The Xipe-Totec platform is the last portion of the semidetached basement. It was given this name because a Xipe-Totec stone sculpture was found in it. This is supported by the association with the circular altar and the presence of a stone called a temalacatl found in the rubble of a 16th-century chapel. This is a sacrificial stone that in the Mexica religion was related to the Xipe-Totec deity. The figure was fragmented (it lacked a head and feet). It is believed that the fracture was due to the Spanish practice of destroying artifacts from the cultures they found.

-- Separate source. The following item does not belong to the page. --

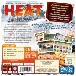 ¡ESTO ES UNA EXPANSIÓN! Necesitas una copia básica de Heat para poder jugar. No incluye coches. Esta expansión añade las cartas necesarias para jugar con cualquier número de coches como Leyendas.

=== Cuauhtlitzin temple===
The Cuauhtlitzin temple is called the main temple because it is the highest structure. A wide flight of stairs with lateral rafters leads to the top; vestiges of a temple are there. The pyramidal bodies of the basement are built in a slope and stuccoed. At the foot of the stairway is a badly damaged stele.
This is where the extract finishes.